··· Records supplied

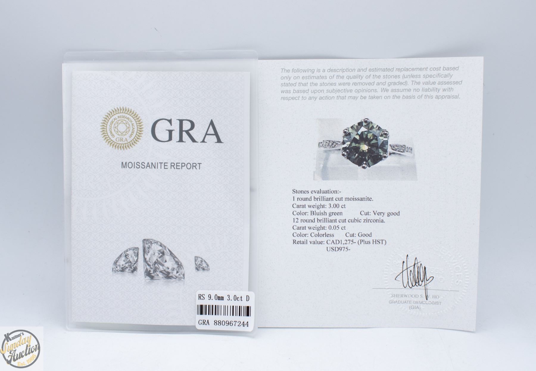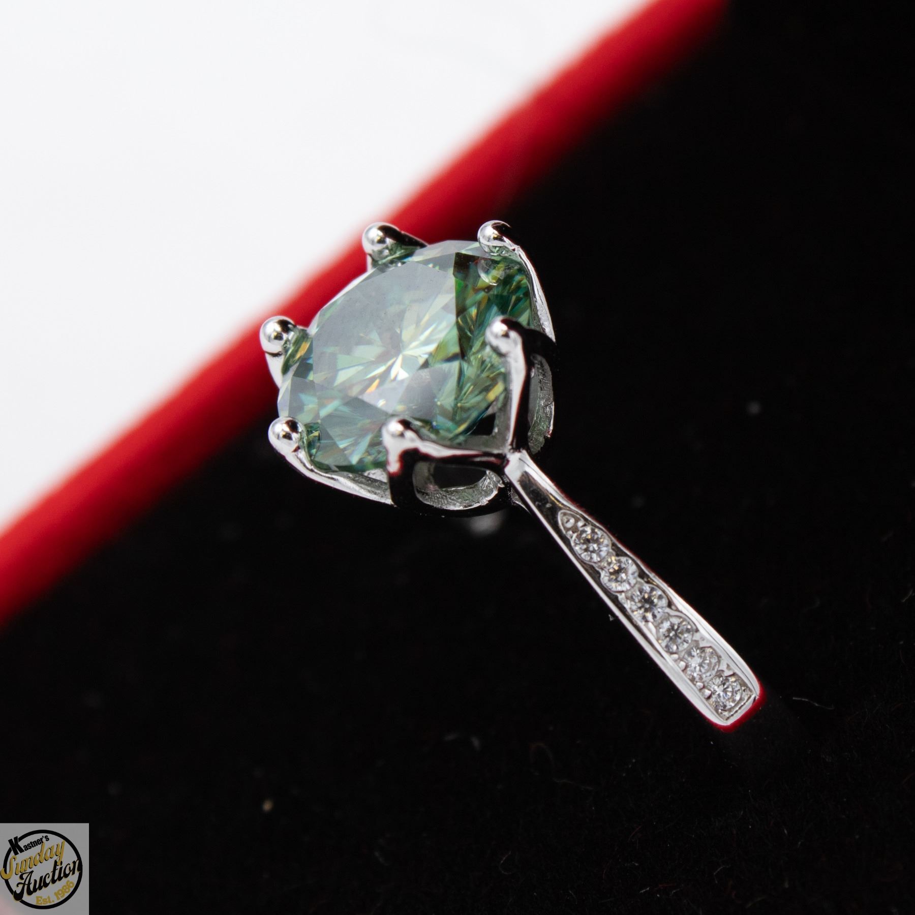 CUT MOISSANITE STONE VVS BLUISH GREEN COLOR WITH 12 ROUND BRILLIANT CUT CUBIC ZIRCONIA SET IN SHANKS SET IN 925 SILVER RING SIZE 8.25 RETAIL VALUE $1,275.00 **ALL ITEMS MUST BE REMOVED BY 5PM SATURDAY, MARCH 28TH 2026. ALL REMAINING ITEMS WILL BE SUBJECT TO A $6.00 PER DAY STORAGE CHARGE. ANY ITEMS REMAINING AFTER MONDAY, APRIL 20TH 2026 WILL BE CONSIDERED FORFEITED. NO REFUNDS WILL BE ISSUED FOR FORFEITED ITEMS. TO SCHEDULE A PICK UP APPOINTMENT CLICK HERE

······
··· Records supplied

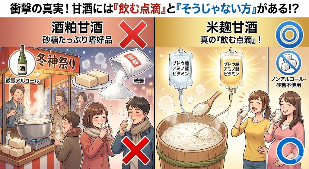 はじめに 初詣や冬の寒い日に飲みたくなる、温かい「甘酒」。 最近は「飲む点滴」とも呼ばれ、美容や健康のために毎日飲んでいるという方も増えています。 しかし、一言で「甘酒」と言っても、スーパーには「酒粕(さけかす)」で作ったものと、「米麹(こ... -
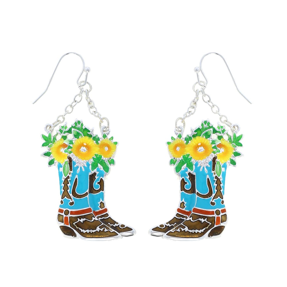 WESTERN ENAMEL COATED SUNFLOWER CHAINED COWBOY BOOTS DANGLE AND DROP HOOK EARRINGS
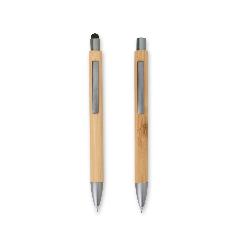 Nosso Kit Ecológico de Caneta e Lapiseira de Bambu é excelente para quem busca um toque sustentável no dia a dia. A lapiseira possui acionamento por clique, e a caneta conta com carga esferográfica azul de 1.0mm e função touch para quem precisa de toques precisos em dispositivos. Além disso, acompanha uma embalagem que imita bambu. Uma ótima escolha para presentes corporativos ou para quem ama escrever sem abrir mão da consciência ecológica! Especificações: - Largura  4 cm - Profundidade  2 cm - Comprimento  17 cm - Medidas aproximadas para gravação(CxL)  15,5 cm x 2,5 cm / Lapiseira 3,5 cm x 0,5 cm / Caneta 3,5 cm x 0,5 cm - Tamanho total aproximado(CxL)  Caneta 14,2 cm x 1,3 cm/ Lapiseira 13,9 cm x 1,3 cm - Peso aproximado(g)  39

······

For this exercise, please set down exactly the lines of the listing above from the line with "WESTERN ENAMEL COATED" up to and including the line with "Nosso Kit Ecológico", and no pictures.

 WESTERN ENAMEL COATED SUNFLOWER CHAINED COWBOY BOOTS DANGLE AND DROP HOOK EARRINGS
 Nosso Kit Ecológico de Caneta e Lapiseira de Bambu é excelente para quem busca um toque sustentável no dia a dia. A lapiseira possui acionamento por clique, e a caneta conta com carga esferográfica azul de 1.0mm e função touch para quem precisa de toques precisos em dispositivos. Além disso, acompanha uma embalagem que imita bambu. Uma ótima escolha para presentes corporativos ou para quem ama escrever sem abrir mão da consciência ecológica! Especificações: - Largura  4 cm - Profundidade  2 cm - Comprimento  17 cm - Medidas aproximadas para gravação(CxL)  15,5 cm x 2,5 cm / Lapiseira 3,5 cm x 0,5 cm / Caneta 3,5 cm x 0,5 cm - Tamanho total aproximado(CxL)  Caneta 14,2 cm x 1,3 cm/ Lapiseira 13,9 cm x 1,3 cm - Peso aproximado(g)  39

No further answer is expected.